Russia, oil production and inflation

Russia’s offensive into Ukraine has repeatedly driven oil prices above $100 a barrel over the past week. Russian is one of the world’s largest energy producers, exporting about five million barrels a day and its output accounting for about 10 per cent of global oil production. It is also a major exporter of natural gas, accounting for more than a third of Europe’s supply.

The jump in energy prices is expected to impact further on rising price pressures and inflation across the globe.

Many analysts think the energy passthrough is going to be higher than it has been over the last few decades, which will increase the pressure on central banks to raise interest rates to combat higher inflation. CPI prints already touched multi-decade highs even before the Ukraine crisis. The key question here is whether this actually then crimps economic activity and slows the pace of growth we have been seeing in the pandemic recovery.
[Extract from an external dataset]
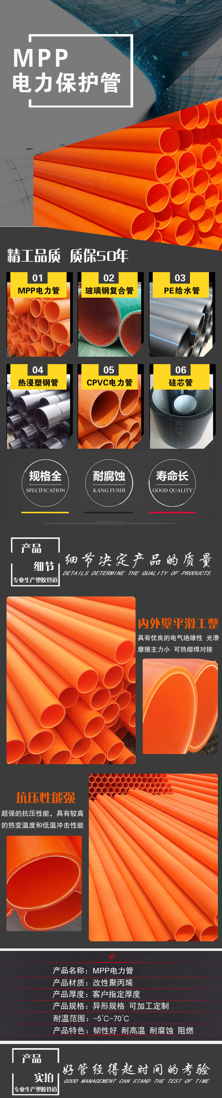 MPP電力管采用改性聚丙烯為主要原材料,是無須大量挖泥、挖土及破壞路面,在道路、鐵路、建筑物、河床下等特殊地段敷設管道、電纜等施工工程。與傳統的“挖槽埋 管法”相比,非開挖電力管工程更適應當前的環保要求, 去除因傳統施工所造成的塵土飛揚、交通阻塞等擾民因 素,這一技術還可以在一些無法實施開挖作業的地區鋪設管線,如古跡保護區、鬧市區、農作物及農田保護區、高速公路、河流等。

Possible relief to high prices?

There is now much speculation that the high oil price environment will lead to a coordinated stock release from the US and other countries. Indeed, the IEA is holding an emergency meeting today on a potential release which may offer some short-term relief to markets.

If there are more sanctions which mean major disruptions to Russian oil flows, the decision of OPEC+ will be a huge focus.

The cartel meets tomorrow where expectations remain that they increase their output by the already agreed amount of 400k in April. But restrictions targeting Russian supplies directly would push prices sharply higher and require more aggressive action from OPEC+. The fast tracking of the Iranian nuclear deal, which could add around 1.3 million barrels of supply to the market, would certainly help.

Upside price targets

Brent crude made a near eight-year high after the initial Russian incursion last week at $105.74. WTI breached the $100 psychological level at that time too.

Several investment banks have revised up their forecasts on fears of a forthcoming supply crunch, seeing $110 to $120 short-term price upside.

This is based on a few million barrels of demand destruction required to compensate for a one-month loss of Russian exports. The market is expected to be very well-supplied into the second half of 2022, which should blunt prices further out.

Disclaimer: This material is comprised of personal opinions and ideas. It should not be construed as an investment recommendation or a solicitation for any transaction. It does not imply any obligation to purchase investment services, nor does it guarantee or predict future performance. Exinity, its affiliates, agents, directors, officers or employees do not guarantee the accuracy, validity, timeliness or completeness of any information or data made available and assume no liability for any loss arising from any investment based on the same.